§ Dataset entries
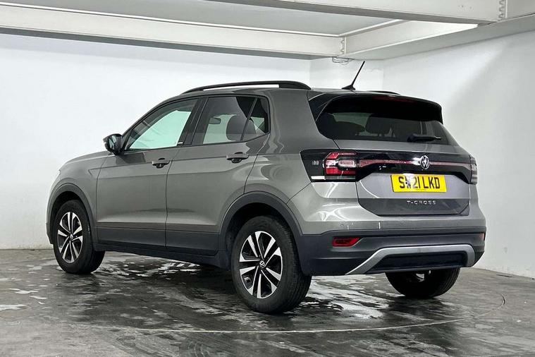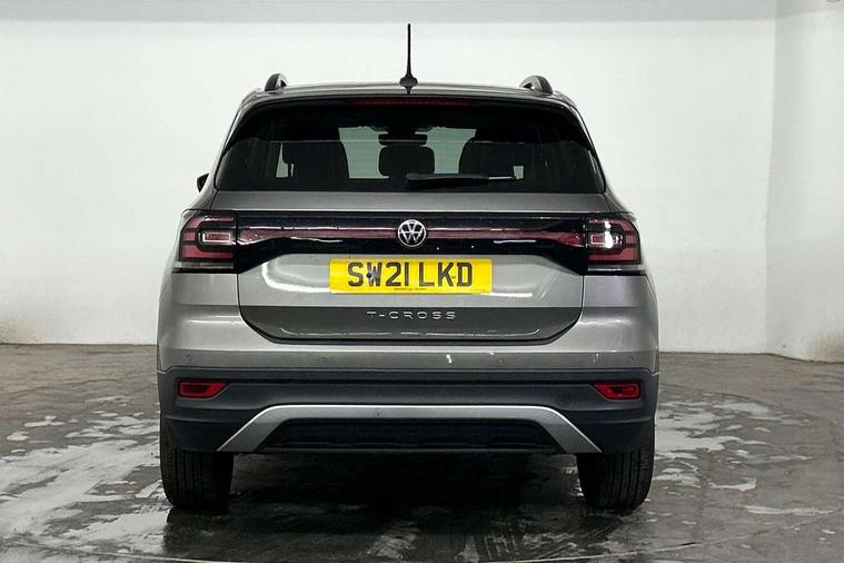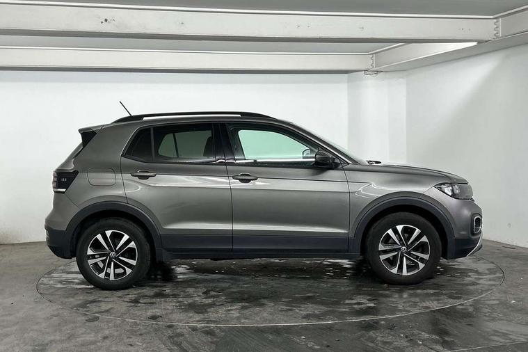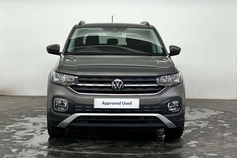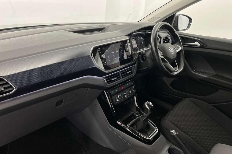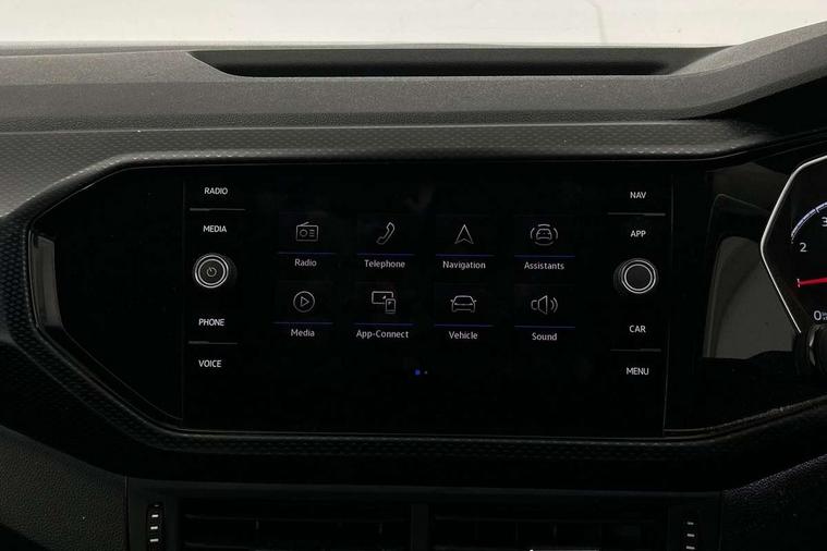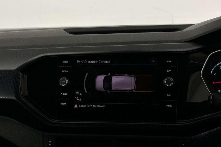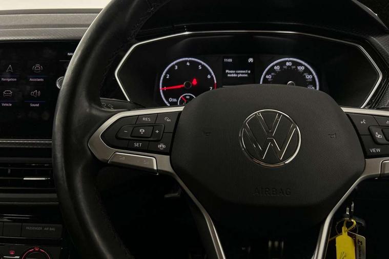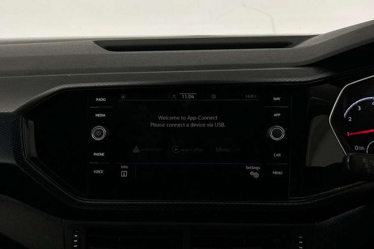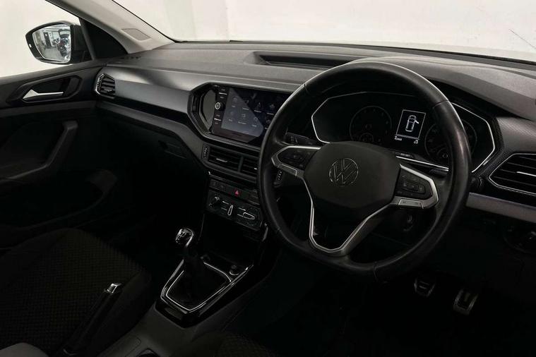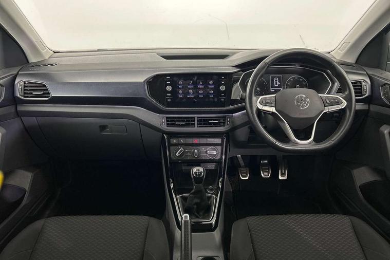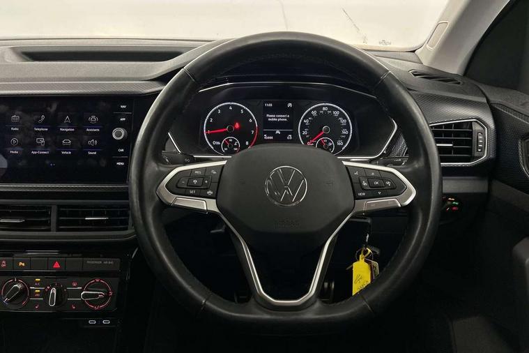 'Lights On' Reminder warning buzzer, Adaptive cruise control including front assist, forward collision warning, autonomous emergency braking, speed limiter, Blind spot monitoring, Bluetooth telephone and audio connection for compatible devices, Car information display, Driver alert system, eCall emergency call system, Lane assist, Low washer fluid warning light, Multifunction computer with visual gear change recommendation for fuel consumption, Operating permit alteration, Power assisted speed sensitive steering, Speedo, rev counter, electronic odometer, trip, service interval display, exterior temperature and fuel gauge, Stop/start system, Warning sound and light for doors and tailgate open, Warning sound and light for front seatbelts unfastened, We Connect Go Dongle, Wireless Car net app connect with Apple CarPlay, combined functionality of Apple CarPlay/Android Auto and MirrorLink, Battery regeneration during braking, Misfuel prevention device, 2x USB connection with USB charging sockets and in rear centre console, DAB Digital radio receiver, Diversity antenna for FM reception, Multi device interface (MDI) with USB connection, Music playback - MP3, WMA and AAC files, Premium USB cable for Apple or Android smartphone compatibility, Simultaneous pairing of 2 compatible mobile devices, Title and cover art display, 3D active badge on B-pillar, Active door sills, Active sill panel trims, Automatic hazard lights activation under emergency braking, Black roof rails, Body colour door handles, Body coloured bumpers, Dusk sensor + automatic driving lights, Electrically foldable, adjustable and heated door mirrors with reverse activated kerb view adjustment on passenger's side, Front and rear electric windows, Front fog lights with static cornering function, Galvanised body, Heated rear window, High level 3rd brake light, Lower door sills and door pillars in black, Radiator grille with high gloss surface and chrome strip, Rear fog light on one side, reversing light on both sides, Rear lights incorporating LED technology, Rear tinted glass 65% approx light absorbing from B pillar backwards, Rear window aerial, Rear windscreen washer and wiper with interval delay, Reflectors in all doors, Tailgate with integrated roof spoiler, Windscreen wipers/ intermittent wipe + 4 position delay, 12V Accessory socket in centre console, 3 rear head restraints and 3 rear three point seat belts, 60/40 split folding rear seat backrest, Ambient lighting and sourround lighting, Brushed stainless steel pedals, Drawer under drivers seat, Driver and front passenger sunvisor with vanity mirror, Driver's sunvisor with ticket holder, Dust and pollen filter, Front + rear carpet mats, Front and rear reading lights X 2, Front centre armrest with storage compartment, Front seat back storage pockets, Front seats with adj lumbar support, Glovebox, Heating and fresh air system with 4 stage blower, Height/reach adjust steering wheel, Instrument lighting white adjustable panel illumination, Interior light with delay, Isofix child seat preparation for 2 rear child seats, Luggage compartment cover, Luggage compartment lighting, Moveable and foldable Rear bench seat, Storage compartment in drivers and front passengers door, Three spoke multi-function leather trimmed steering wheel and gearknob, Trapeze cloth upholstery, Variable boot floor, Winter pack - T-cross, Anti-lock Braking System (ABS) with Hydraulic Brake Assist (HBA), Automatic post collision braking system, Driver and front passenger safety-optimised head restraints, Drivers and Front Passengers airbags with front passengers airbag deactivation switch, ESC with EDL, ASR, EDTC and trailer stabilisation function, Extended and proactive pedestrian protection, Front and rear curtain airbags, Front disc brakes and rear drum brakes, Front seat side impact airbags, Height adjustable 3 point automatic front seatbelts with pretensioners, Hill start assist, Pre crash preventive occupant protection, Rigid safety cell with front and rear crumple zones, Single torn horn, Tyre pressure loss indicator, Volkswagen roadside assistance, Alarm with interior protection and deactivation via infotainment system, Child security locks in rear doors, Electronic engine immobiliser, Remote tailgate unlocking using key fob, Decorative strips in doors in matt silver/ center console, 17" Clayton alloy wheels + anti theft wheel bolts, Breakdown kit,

---

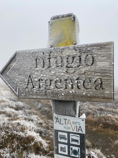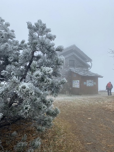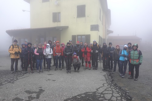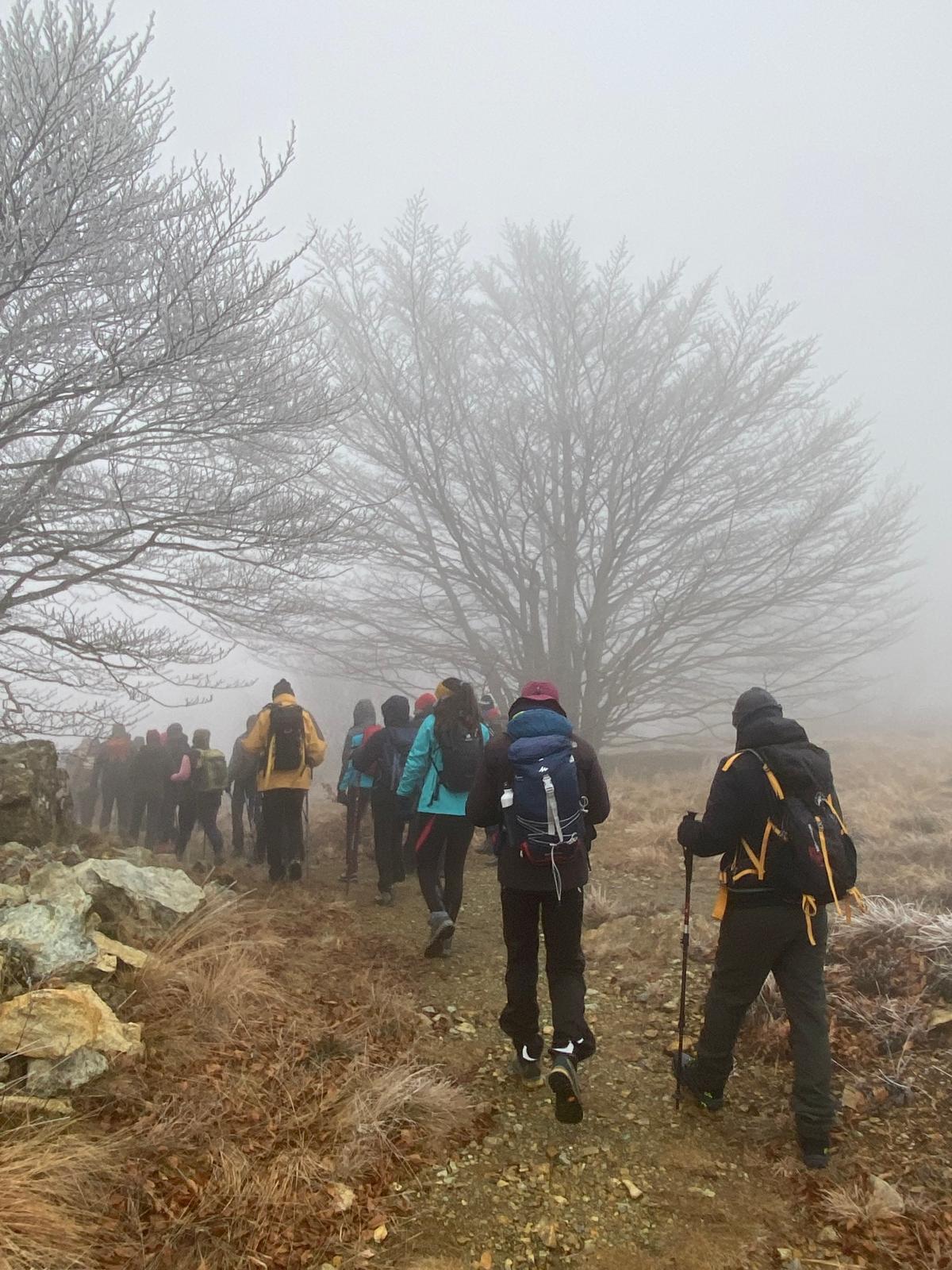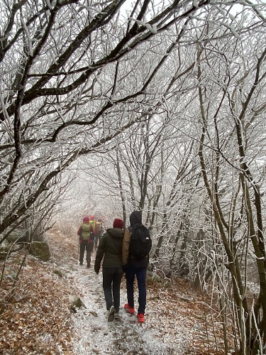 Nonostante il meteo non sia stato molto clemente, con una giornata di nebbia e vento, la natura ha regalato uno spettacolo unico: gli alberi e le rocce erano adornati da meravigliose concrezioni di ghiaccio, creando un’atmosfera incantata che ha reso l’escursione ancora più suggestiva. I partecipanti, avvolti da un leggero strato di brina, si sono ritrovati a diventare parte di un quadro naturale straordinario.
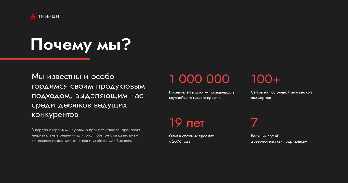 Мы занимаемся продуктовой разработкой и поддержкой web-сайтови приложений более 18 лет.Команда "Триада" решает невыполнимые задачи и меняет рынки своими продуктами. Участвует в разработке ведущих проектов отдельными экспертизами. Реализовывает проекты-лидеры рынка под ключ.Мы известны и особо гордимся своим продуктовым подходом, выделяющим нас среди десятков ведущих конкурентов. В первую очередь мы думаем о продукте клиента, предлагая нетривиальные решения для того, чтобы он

§ Problem
Starting with the line that has "Nonostante il meteo" and going on through the line that has "Мы занимаемся продуктовой", transcribe the records above exactly, but skip the pictures.

§ Your solution
 Nonostante il meteo non sia stato molto clemente, con una giornata di nebbia e vento, la natura ha regalato uno spettacolo unico: gli alberi e le rocce erano adornati da meravigliose concrezioni di ghiaccio, creando un’atmosfera incantata che ha reso l’escursione ancora più suggestiva. I partecipanti, avvolti da un leggero strato di brina, si sono ritrovati a diventare parte di un quadro naturale straordinario.
 Мы занимаемся продуктовой разработкой и поддержкой web-сайтови приложений более 18 лет.Команда "Триада" решает невыполнимые задачи и меняет рынки своими продуктами. Участвует в разработке ведущих проектов отдельными экспертизами. Реализовывает проекты-лидеры рынка под ключ.Мы известны и особо гордимся своим продуктовым подходом, выделяющим нас среди десятков ведущих конкурентов. В первую очередь мы думаем о продукте клиента, предлагая нетривиальные решения для того, чтобы он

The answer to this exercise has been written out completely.